Bestseller Mills’s entertaining seventh entry in Vince Flynn’s Mitch Rapp series (after 2020’s Total Power) finds CIA agent Mitch considering retirement. After 20 years in the game, he’s seriously banged up, he’s got a wife and child to protect, he has no relationship with the new U.S. president, and he sees his beloved America collapsing into extremism. Mitch heads to South Africa, where he has a house and plans to become a long-distance bicycle racer. But shortly after his arrival, Nicholas Ward, the world’s first trillionaire, shows up to ask for his help finding missing virologist David Chism. Chism, who was working on a vaccine for any type of coronavirus that exists now and any that might arise in the future, disappeared after his laboratory in Uganda, financed by Ward, was attacked by a local terrorist. Mitch, with his wife’s blessing, accepts and joins old pal Scott Coleman’s security team to locate Chism. Mills delivers the goods, including a CIA mole, perfidy at the highest levels of the U.S. government, and close-combat with a messianic psychopathic terrorist villain who commands a drug-fueled army. Military action fans will be pleased. Agent: Simon Lipskar, Writers House. (Sept.)


Book list
From Booklist, Copyright © American Library Association. Used with permission.

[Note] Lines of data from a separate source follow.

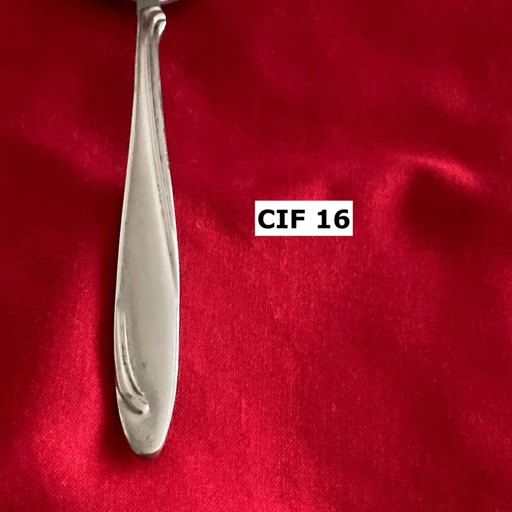 Manufacturer: CI Pattern: CIF 16 - Swirls Type: Stainless Steel Piece: Soup Spoon Length: 7 1/4" ruler not included
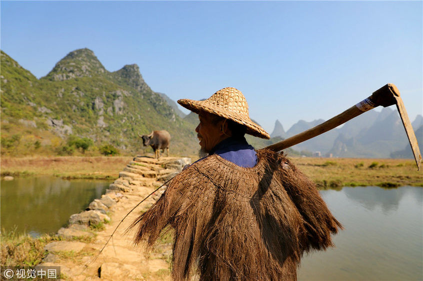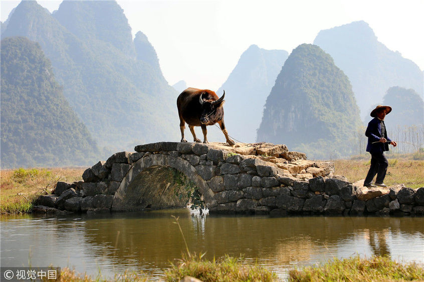 12月17日,在廣西桂林的臨桂區(qū)田心村這座叫做狀元橋的小橋上,剛吃過午飯,老許和他的水牛搭檔又要開始一場生態(tài)演出了。
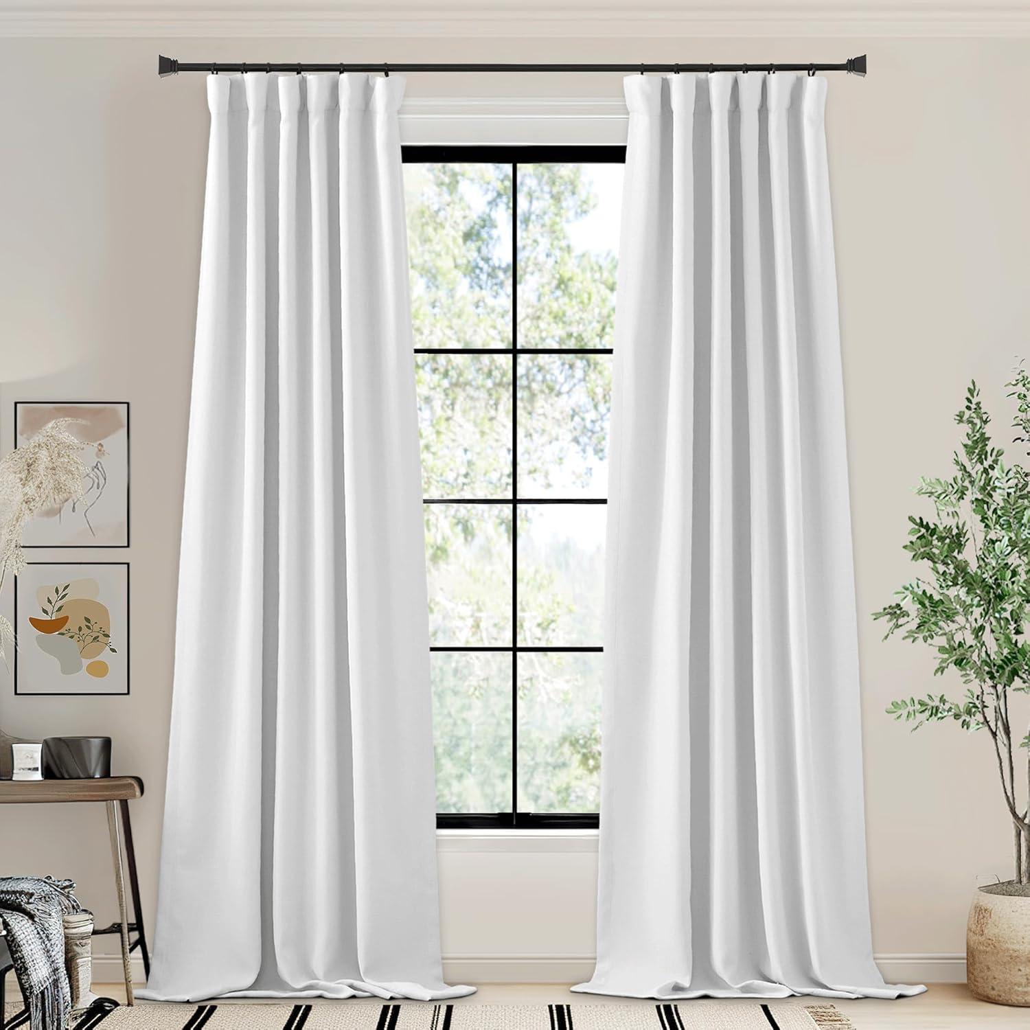 Hanging Options: You can hang your new drapes using the back tab, or rod pocket, or use small hooks on the hook belt to let them gently hang downward, then you will get elegant pinch pleated curtains.
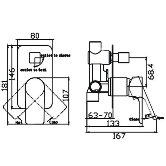 This wall mixer with diverter has TWO outlets, which can control TWO items.
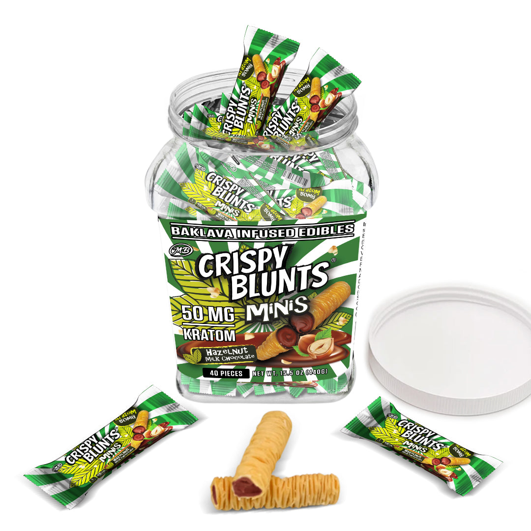 Kratom minis 50mg each with Hazelnut chocolate Cream Crispy Blunts Crispy Phyllo Dough

Flynn introduced counterterrorism operative Mitch Rapp in 1999’s Transfer of Power and wrote 12 more Rapp novels. After Flynn’s death in 2013, Kyle Mills took over the series, and has guided it with a sure hand ever since. This is his seventh Rapp novel, and it is just terrific. When the CIA learns that its computer system has been attacked, perhaps by someone operating within the agency, Mitch is assigned the difficult job of protecting Nicholas Ward, the world’s first trillionaire, who appears to be the target of the hacking. Mitch soon realizes that the only real way of protecting him is to lure the hacker out of hiding, which means using Ward, one of the most famous people on the planet, as bait for someone who might want him dead. The key to the early success of the Rapp novels was Flynn’s careful construction of the character. Rapp is no standard-issue muscular action hero; instead, he is, as created by Flynn, a fully fleshed human being. Mills has continued in that vein, giving the reader involving stories populated by believable characters who are grounded in a recognizable reality. Not every series that has changed hands after the original author’s death has fared well after the transition. Thanks to Mills, that’s not the case with the Rapp novels.